The wealthy are fleeing Hong Kong and bypassing the U.S. to come to Canada instead
Pro-democracy protesters march on a street as they take part in a rally in Causeway Bay district on October 4, 2019 in Hong Kong.
The U.S. has traditionally served as an island of safety and security, particularly for the world's wealthy. Not so much anymore
As protests in Hong Kong intensified this summer, Bernard Wolfsdorf, a Los Angeles immigration lawyer, anticipated “a new wave of immigration” to the U.S. So he travelled to China and met with regional immigration advisers.
They told him not to get excited.
“What I heard is, while many are leaving Hong Kong, the U.S. isn’t the number one destination,” Wolfsdorf said. “The U.S. is simply not seen as the most desirable option presently.”
When things go sideways around the globe, the U.S. has traditionally served as an island of safety and security, particularly for the world’s wealthy. The U.S. is already home to more Hong Kongers than any country outside of mainland China, and recent data suggests more are looking to leave. Applications for a key emigration document, the “good citizenship card,” are up 54 per cent in the past year, according to official data.
But anti-immigrant political rhetoric, high-profile incidences of gun violence and impending changes to the “investor visa” program have encouraged Hong Kong’s would-be emigres to consider alternatives such as Australia, Canada, Singapore, and Taiwan.
The street demonstrations, which raise fundamental questions about the future of Hong Kong, escalated this month with the shootings of two teenage protesters by police.
Even before the protest movement began, the U.S. was losing lustre. In a December survey by Chinese University of Hong Kong, one-third of the city’s citizens said they’d consider leaving. Among them, the most popular destinations were Canada and Australia, with at least 18 per cent of respondents each, followed by Taiwan, at 11 per cent, and Singapore at 5 per cent. The U.S. was the top choice for 2.9 per cent.

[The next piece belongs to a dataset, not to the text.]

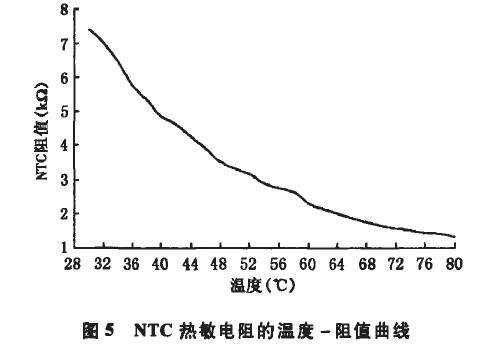 控製電路阻值與輸出總電流的關係列於表1,其中R為控製電路的等效電阻。經過在恒溫箱中測試,每2℃記錄1組數據得到如圖5所示的NTC熱敏電阻的溫度一阻值曲線。該方案中,驅動電源通過接收到反饋的溫度信息來控製輸出電流,根據圖5中NTC的溫度與阻值的關係,隻要找到輸出電流隨總阻值的變化關係(如圖6所示),再進行適當的電阻匹配,便可找到溫度與驅動器輸出電流的關係。

Australia is a favourite for clients of John Hu, founder and principal consultant at John Hu Migration Consulting in Hong Kong. Advantages include a small time difference with China and mild climate. Canada is also popular, Hu said, especially for clients who want to follow family members who previously emigrated there.
Canada last year recorded its biggest influx of immigrants since 1913. Under Prime Minister Justin Trudeau, the country has aggressively wooed immigrants. Its Global Skills Strategy program, for example, offering temporary work permits to applicants in as little as two weeks, has lured about 40,000 workers and their family members over the past two years.

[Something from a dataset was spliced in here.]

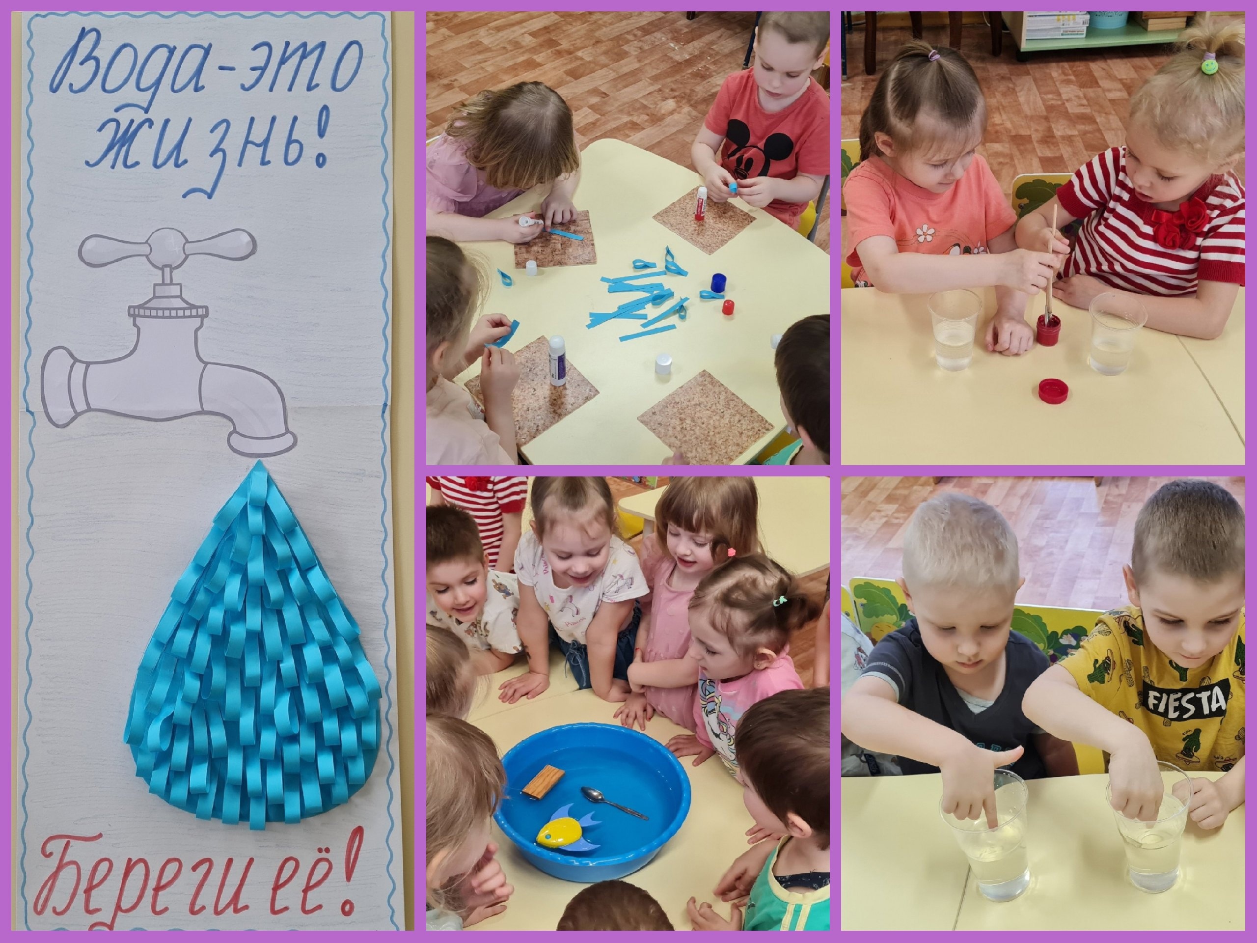 В группе "Солнышко" целый день был посвящен Волшебнице воде. Детям рассказали для чего нужна вода и о том, что нужно ее беречь, провели опыты "Разноцветная вода", поиграли в игры "Рыбки в воде", "Тонет не тонет".

Family ties make the U.S. attractive. So does the EB-5 investor visa program, which offers residency to anyone able and willing to make a US$500,000 investment in a business or other project that creates jobs. Applications from Hong Kong citizens are processed separately from investors from the mainland, which means that once an application is considered, it can often be approved with little if any wait.
The price of those visas is about to surge, however. Starting on Nov. 21, the minimum investment rises to US$900,000, part of a reform of the EB-5 program.
Even for those currently in the queue, a bureaucratic backlog means it can take years to get a visa. The U.S. Department of Homeland Security has slowed its handling of paperwork to a crawl, making applicants wait years for an answer to their petitions. The department was buried in 930,311 pending cases of all types at the end of June, government data show, double the number of pending cases from 2015.
The estimated wait for processing investor visas is at least 28.5 months, according to the U.S. Citizenship and Immigration Service. “EB-5 is not likely an answer to people in Hong Kong who say they need a quick exit strategy,” said H. Ronald Klasko of Klasko Immigration Law Partners in Philadelphia. “It will probably be at least three years before that’s going to get them to the U.S.”
People who don’t want to wait often find other ways to enter and stay in the U.S., including student and visitor visas. “During these troubles, my clients have been in the U.S. and Canada visiting,” said Carolyn Lee, an immigration attorney based in Ithaca, N.Y.
A less formal immigration status can also overcome another barrier daunting wealthy people who want to move to America: its unique and costly tax rules. For example, new immigrants must disclose all foreign holdings to the Internal Revenue Service, a level of scrutiny that many aren’t prepared for.
“Many of my Hong Kong-based are considering alternatives” to the U.S., said K. Eli Akhavan, a partner at CKR Law in New York. “The tax bite can be quite heavy.”
Hu, the immigration consultant, said American tax rules often take a backseat to quality-of-life issues for families considering the U.S. “Hong Kong media’s frequent coverage of school shootings in the U.S. has also made people worry about safety,” he said. Another concern for some, he added, is that “racial discrimination is relatively serious in certain areas.”
Still, the U.S. remains a popular place to do business, educate children, and park money. And even in the most stable times, the global super rich often see spreading assets around the world as an important way to protect their fortunes, said Kathryn von Matthiessen, partner at Katten Muchin Rosenman LLP in New York.
“Most families I work with are looking to create dynastic wealth,” she said. “That means they have to manage political volatility and geographic volatility.